JFYI we tried optimizations with memcpy with const size (optimized into assembly instead of call), unrolling literal loop and some others. All these did not work better.

>> But ... below are results for lz4:
>>
>> Decompressor score (summ of all times):
>> NOTICE: Decompressor lz4_decompress result 3.660066
>> Compressor score (summ of all times):
>> NOTICE: Compressor lz4_compress result 10.288594
>>
>> There is 2 times advantage in decompress speed and 10 times advantage in compress speed.
>> So may be instead of "hacking" pglz algorithm we should better switch to lz4?
>>
>
> I think we should just bite the bullet and add initdb option to pick
> compression algorithm.

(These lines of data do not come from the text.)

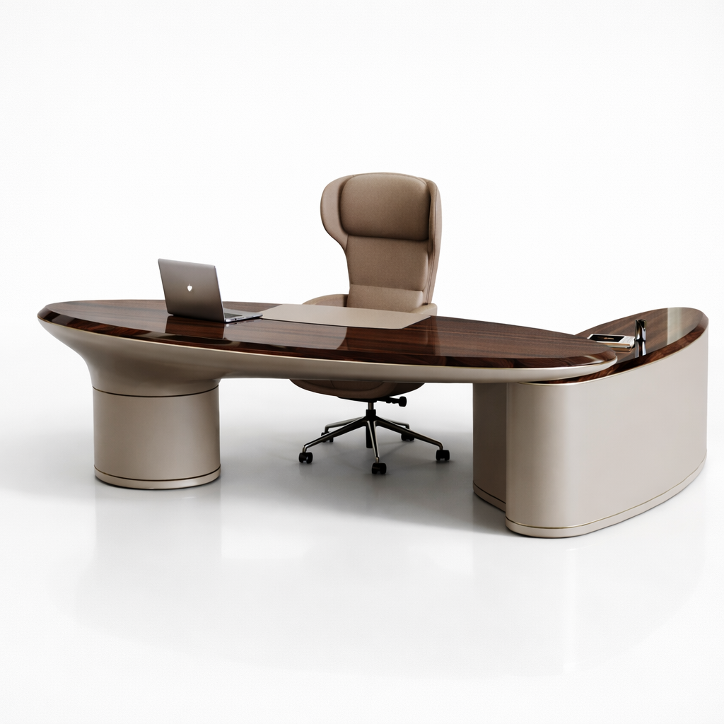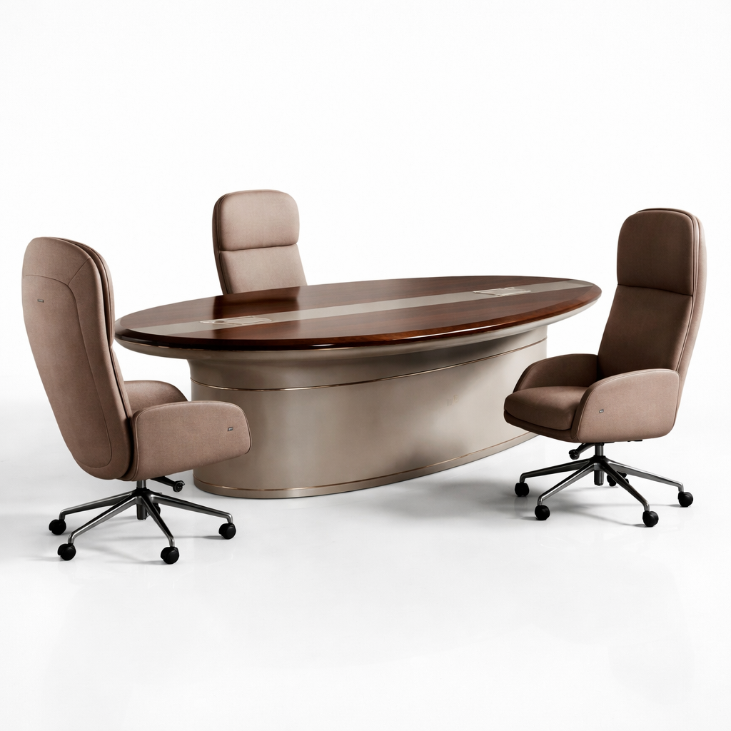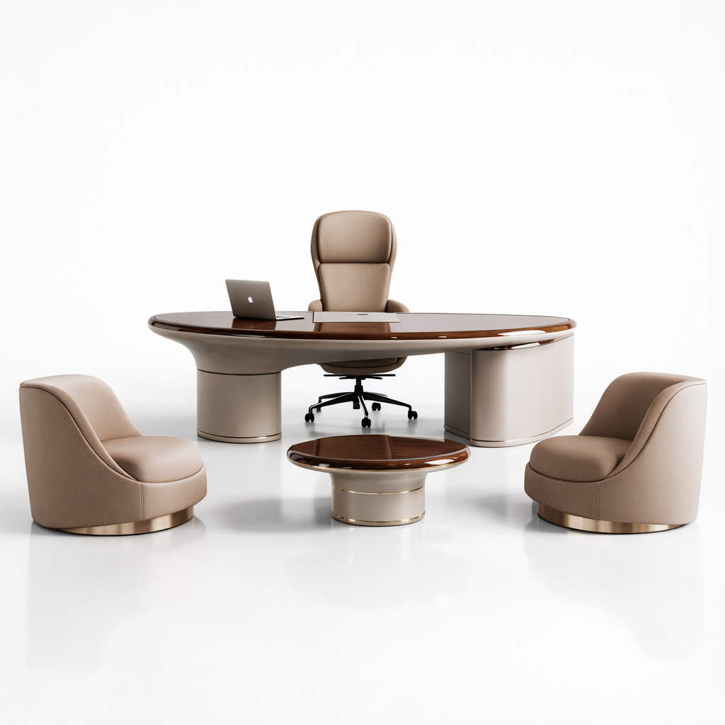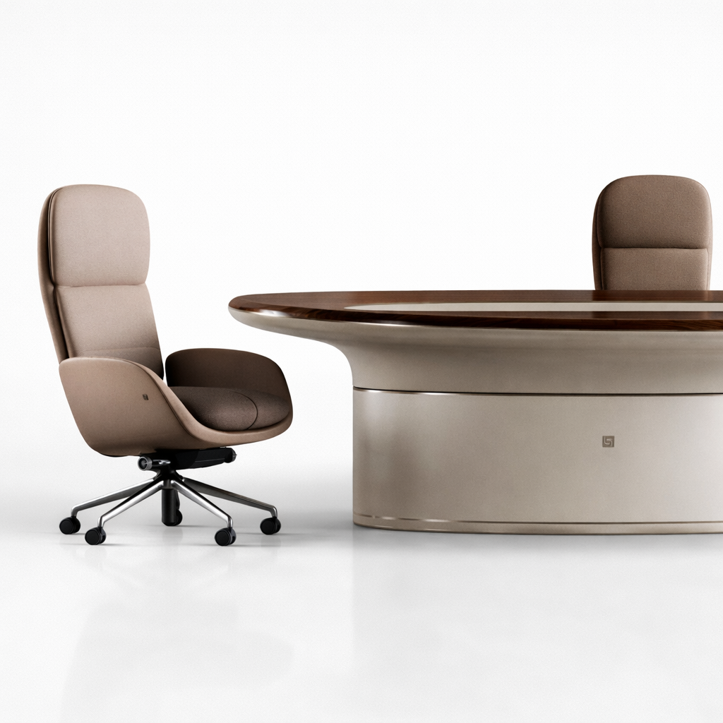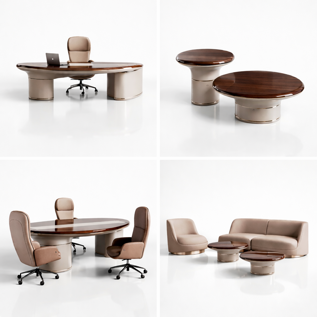 Fongos Ofis Takımı, güçlü form dili ve akıcı hatlarıyla üst segment yönetici ofisleri için tasarlanmış özel bir koleksiyondur. Oval formdaki geniş masa yapısı ve dengeli kütle dağılımı, mekâna hem modern hem de otoriter bir karakter kazandırır.
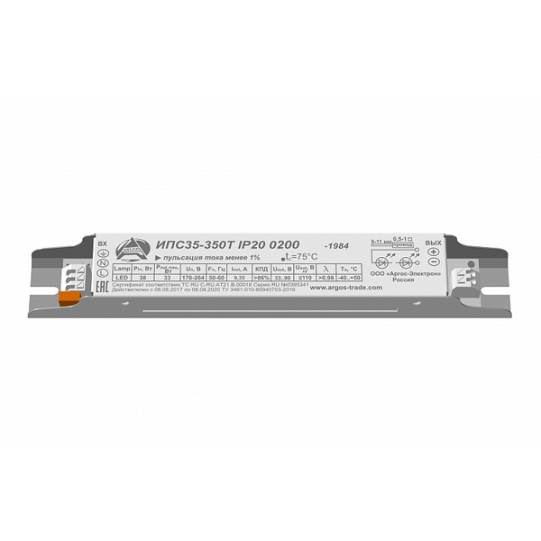 Источник питания светодиодов Аргос-Трейд (Argos-Trade) для светодиодных светильников внутреннего освещения мощностью 35 Ватт 35-350Т ОФИС 0213
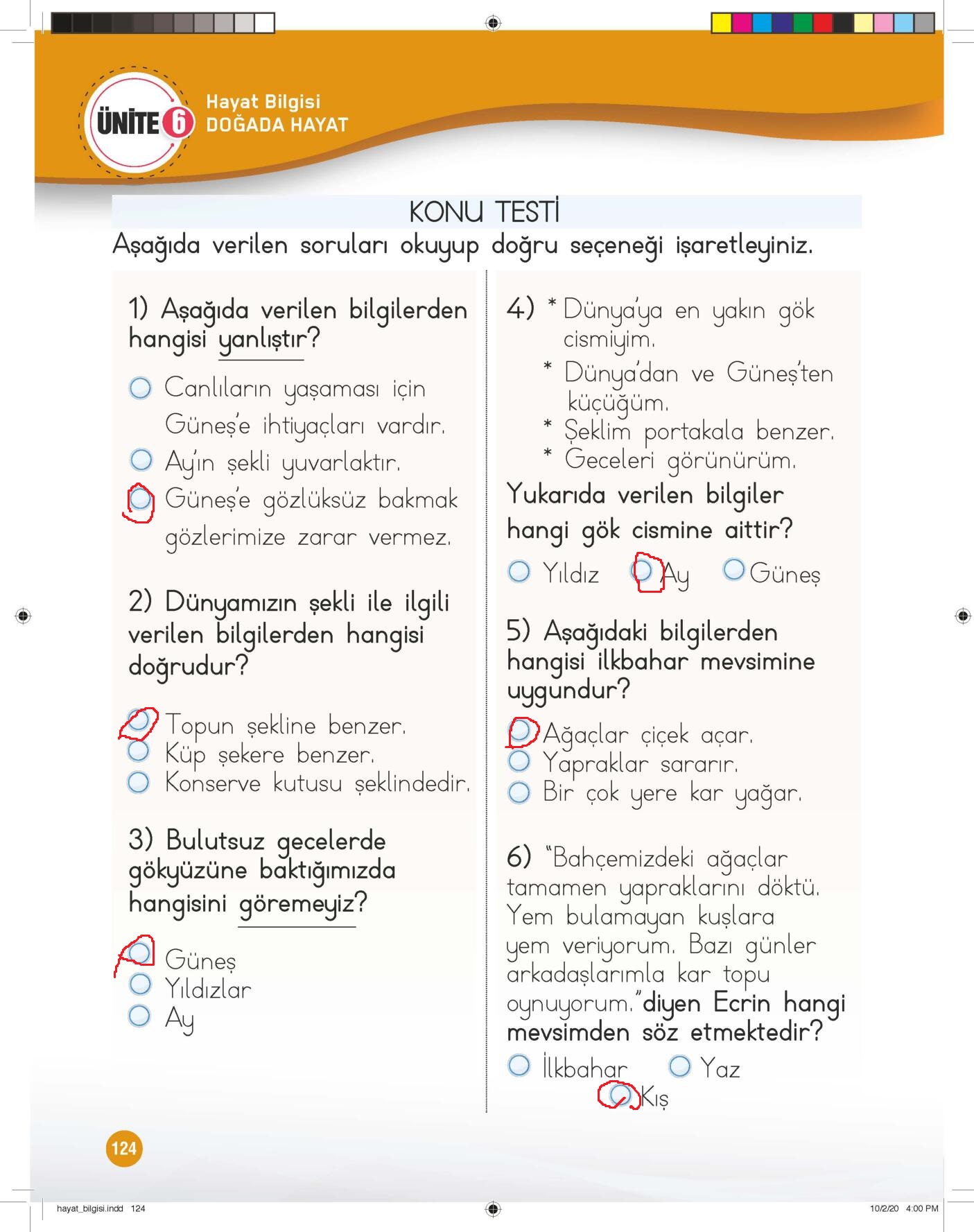 1. Sınıf Hayat Bilgisi Çalışma Kitabı (1. Kitap) Meb Yayınları Sayfa 124 Cevapları / Cevabı
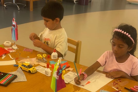 当日は、ドバイ特有の多文化環境の中、年齢も文化的背景も異なる子どもたちが、同じ空間で制作に取り組みました。
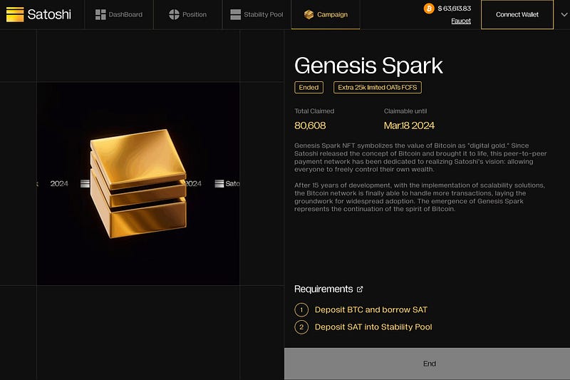 - March 6th: Testnet Campaign Launched. Genesis Spark NFT and Satoshi Pioneer OAT released.
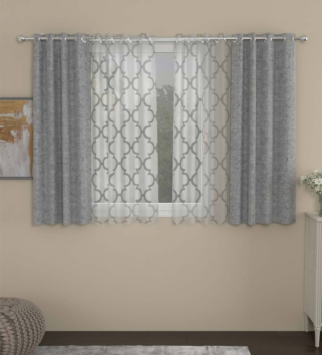 Grey Solid Poly Cotton 5 Ft Semisheer Eyelet Window Curtains (Set of 4)

That's been discussed repeatedly, but we never
> ended up actually doing that. See for example [1].
>
> If there's anyone willing to put some effort into getting this feature
> over the line, I'm willing to do reviews & commit. It's a seemingly
> small change with rather insane potential impact.
>
> But even if we end up doing that, it still makes sense to optimize the
> hell out of pglz, because existing systems will still use that
> (pg_upgrade can't switch from one compression algorithm to another).

We have some kind of "roadmap" of "extensible pglz". We plan to provide implementation on Novembers CF.

Currently, pglz starts with empty cache map: there is no prior 4k bytes before start. We can add imaginary prefix to any data with common substrings: this will enhance compression ratio.
It is hard to decide on training data set for this "common prefix". So we want to produce extension with aggregate function which produces some "adapted common prefix" from users's data.
Then we can "reserve" few negative bytes for "decompression commands". This command can instruct database on which common prefix to use.
But also system command can say "invoke decompression from extension".

Thus, user will be able to train database compression on his data and substitute pglz compression with custom compression method seamlessly.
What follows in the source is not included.